● Source material
+===+
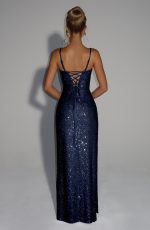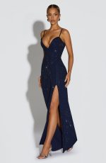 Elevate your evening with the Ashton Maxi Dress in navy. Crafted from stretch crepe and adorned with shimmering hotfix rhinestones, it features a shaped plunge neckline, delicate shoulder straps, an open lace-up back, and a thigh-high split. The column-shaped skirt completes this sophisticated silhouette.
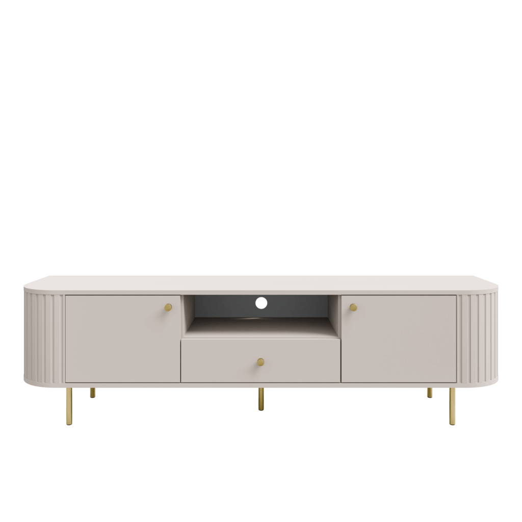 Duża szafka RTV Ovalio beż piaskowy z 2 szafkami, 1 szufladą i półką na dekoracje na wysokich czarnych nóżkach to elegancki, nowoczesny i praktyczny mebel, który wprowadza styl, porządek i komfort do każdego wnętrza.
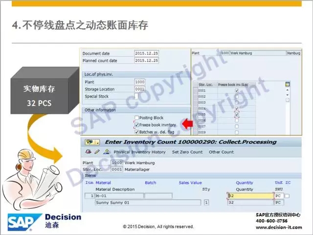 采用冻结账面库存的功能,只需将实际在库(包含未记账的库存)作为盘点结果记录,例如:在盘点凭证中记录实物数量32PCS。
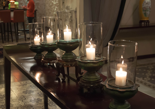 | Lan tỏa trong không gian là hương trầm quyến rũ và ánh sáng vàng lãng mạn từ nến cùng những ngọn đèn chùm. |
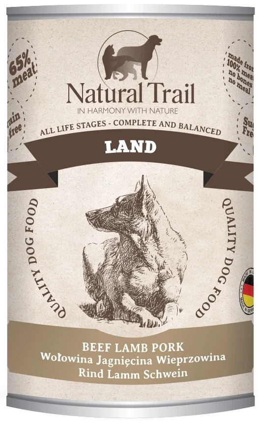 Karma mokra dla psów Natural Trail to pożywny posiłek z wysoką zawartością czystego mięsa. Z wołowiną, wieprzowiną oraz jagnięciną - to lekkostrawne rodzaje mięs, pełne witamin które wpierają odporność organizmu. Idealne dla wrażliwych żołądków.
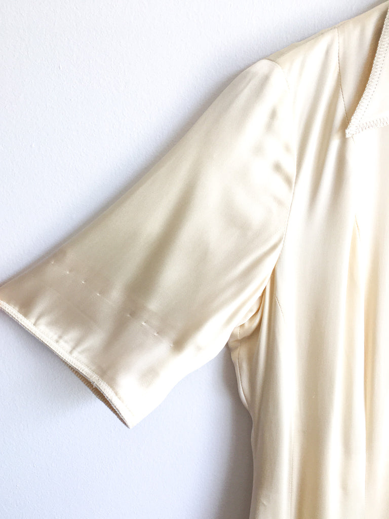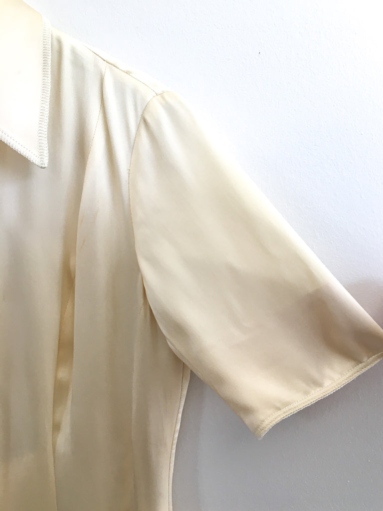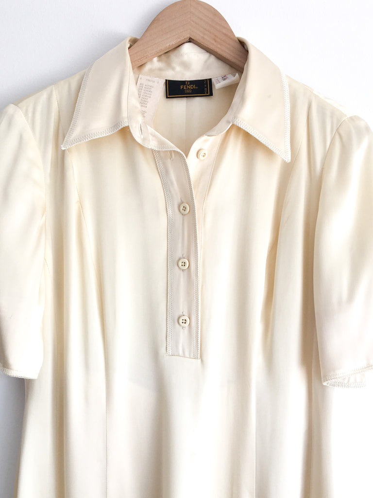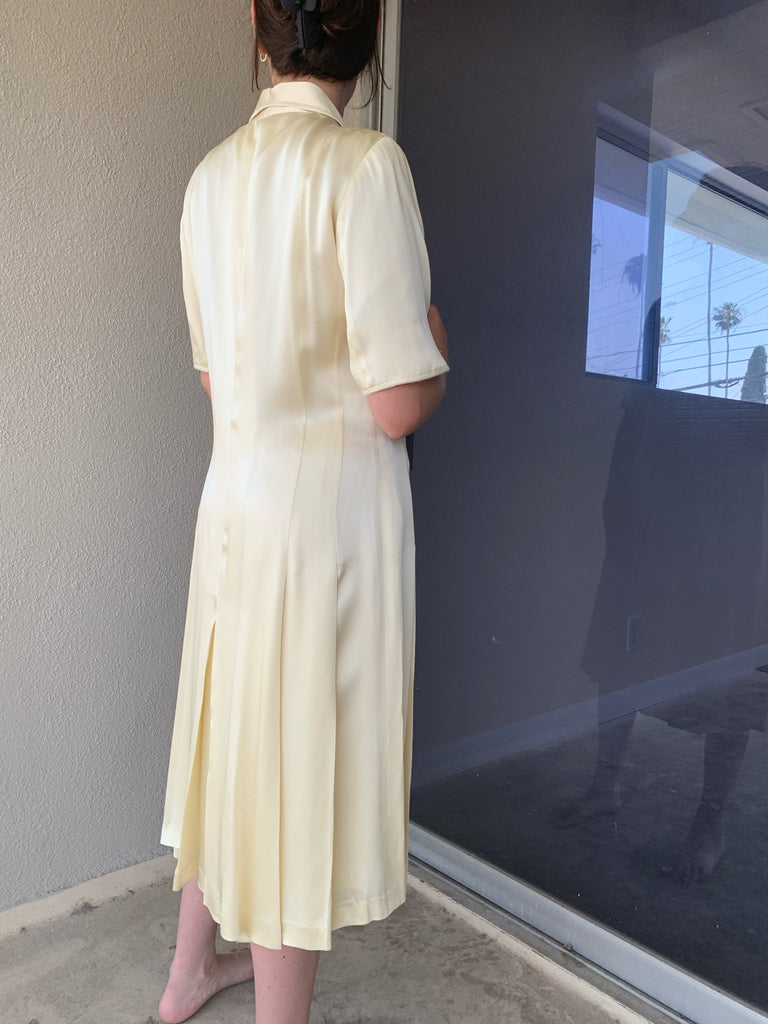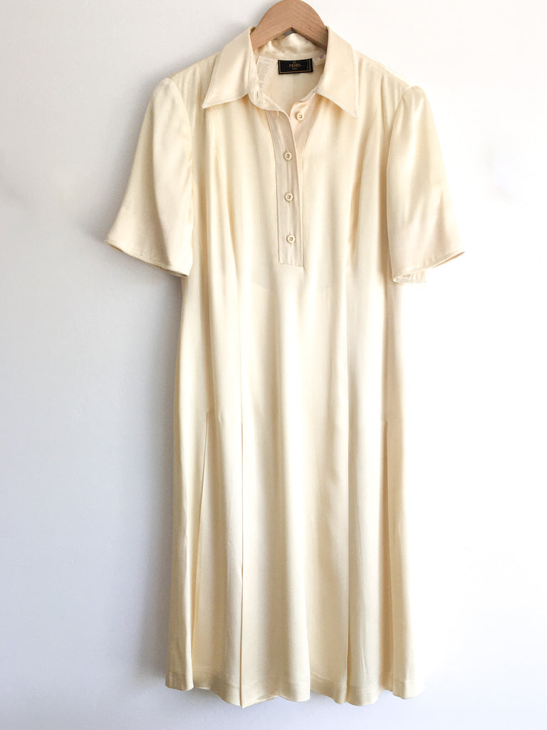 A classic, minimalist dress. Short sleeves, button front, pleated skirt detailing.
+===+
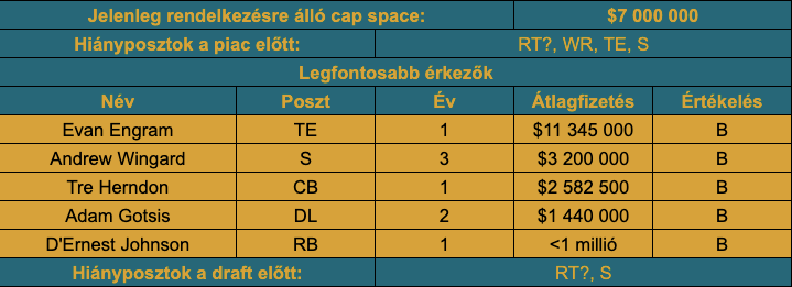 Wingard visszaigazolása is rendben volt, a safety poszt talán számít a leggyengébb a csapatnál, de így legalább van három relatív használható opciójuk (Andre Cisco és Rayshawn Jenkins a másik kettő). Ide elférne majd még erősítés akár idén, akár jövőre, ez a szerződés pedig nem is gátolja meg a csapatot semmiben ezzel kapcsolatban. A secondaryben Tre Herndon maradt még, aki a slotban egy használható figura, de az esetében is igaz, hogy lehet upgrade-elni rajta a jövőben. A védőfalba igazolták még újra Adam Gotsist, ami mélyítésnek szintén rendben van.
+===+
● What you should do
From the listing above, please give again the lines that begin with the line holding "đèn chùm. |" and go on through the line holding "A classic, minimalist", exactly, both ends included, minus any picture.

● Task solution
 | Lan tỏa trong không gian là hương trầm quyến rũ và ánh sáng vàng lãng mạn từ nến cùng những ngọn đèn chùm. |
 Karma mokra dla psów Natural Trail to pożywny posiłek z wysoką zawartością czystego mięsa. Z wołowiną, wieprzowiną oraz jagnięciną - to lekkostrawne rodzaje mięs, pełne witamin które wpierają odporność organizmu. Idealne dla wrażliwych żołądków.
 A classic, minimalist dress. Short sleeves, button front, pleated skirt detailing.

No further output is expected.